(Input records)

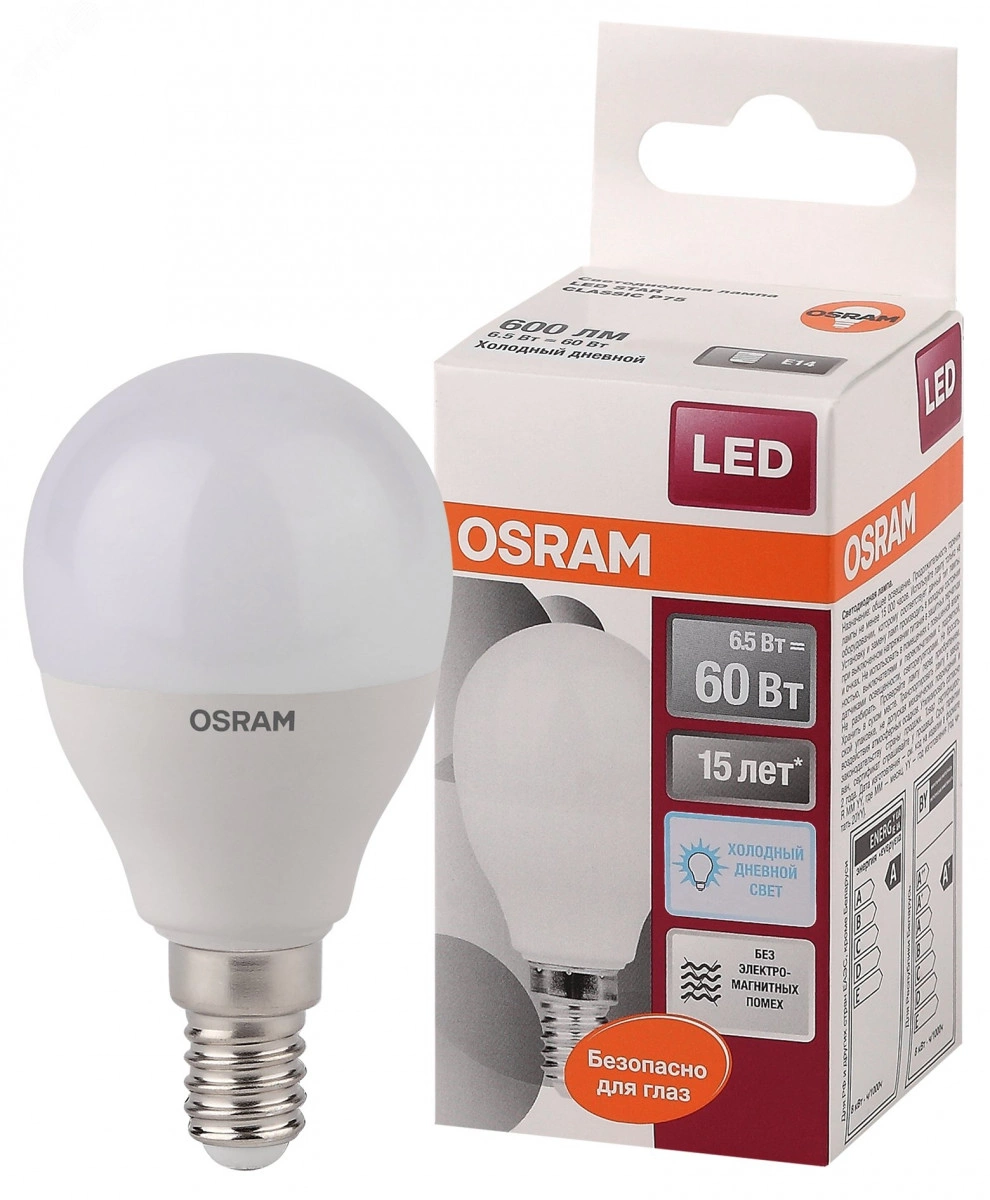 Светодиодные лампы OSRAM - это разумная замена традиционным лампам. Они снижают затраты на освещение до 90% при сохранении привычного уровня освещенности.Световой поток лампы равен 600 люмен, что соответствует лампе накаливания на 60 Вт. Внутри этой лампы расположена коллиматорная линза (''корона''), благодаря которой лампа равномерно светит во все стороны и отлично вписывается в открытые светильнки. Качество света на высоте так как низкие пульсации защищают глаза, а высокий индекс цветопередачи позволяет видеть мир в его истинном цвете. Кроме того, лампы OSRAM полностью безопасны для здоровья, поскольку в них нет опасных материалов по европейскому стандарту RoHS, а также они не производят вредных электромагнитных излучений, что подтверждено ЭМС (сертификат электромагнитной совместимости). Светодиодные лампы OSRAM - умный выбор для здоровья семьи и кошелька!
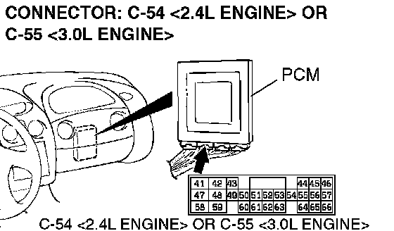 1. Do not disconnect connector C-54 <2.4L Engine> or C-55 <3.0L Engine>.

(End Input records)
(Input records)

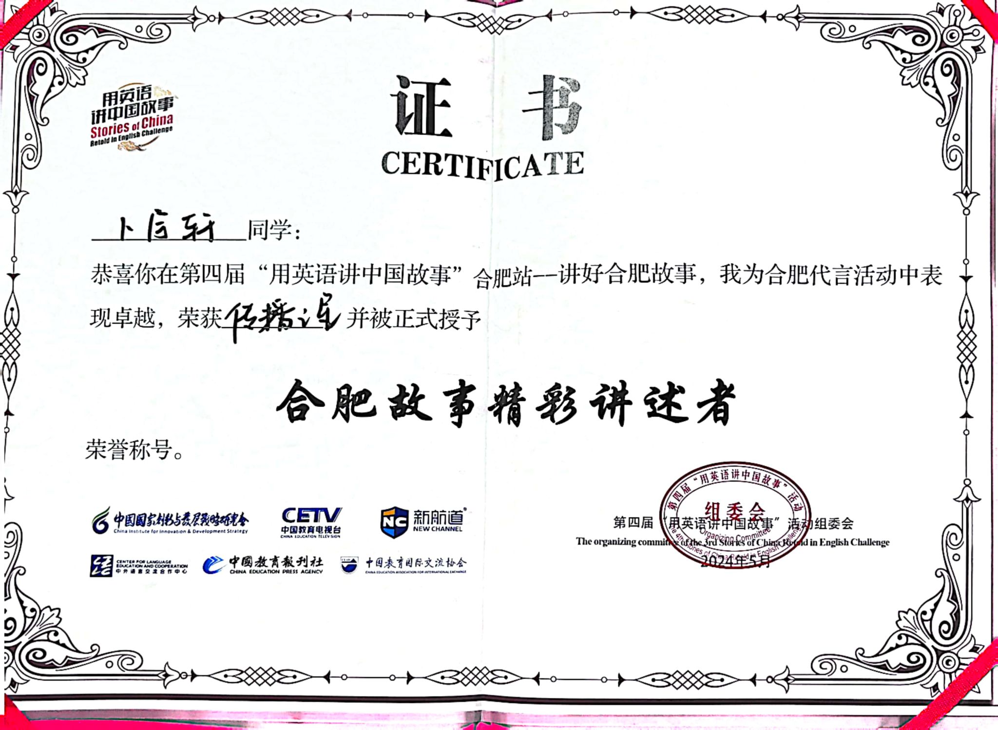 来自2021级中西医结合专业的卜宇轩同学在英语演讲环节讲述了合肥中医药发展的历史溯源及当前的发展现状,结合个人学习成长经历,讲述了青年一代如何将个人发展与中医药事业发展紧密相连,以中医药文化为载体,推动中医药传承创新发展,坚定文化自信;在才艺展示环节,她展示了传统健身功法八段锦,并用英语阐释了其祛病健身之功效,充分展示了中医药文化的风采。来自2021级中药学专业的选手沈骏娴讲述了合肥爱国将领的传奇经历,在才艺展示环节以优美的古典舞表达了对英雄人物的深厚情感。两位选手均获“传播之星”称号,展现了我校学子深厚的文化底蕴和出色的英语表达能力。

(End Input records)

[Task objective] Repeat exactly the lines above, from the line that contains "Светодиодные лампы OSRAM - это" down through the line that contains "1. Do not disconnect". Include both of those lines and none of the pictures.

[Written response]
 Светодиодные лампы OSRAM - это разумная замена традиционным лампам. Они снижают затраты на освещение до 90% при сохранении привычного уровня освещенности.Световой поток лампы равен 600 люмен, что соответствует лампе накаливания на 60 Вт. Внутри этой лампы расположена коллиматорная линза (''корона''), благодаря которой лампа равномерно светит во все стороны и отлично вписывается в открытые светильнки. Качество света на высоте так как низкие пульсации защищают глаза, а высокий индекс цветопередачи позволяет видеть мир в его истинном цвете. Кроме того, лампы OSRAM полностью безопасны для здоровья, поскольку в них нет опасных материалов по европейскому стандарту RoHS, а также они не производят вредных электромагнитных излучений, что подтверждено ЭМС (сертификат электромагнитной совместимости). Светодиодные лампы OSRAM - умный выбор для здоровья семьи и кошелька!
 1. Do not disconnect connector C-54 <2.4L Engine> or C-55 <3.0L Engine>.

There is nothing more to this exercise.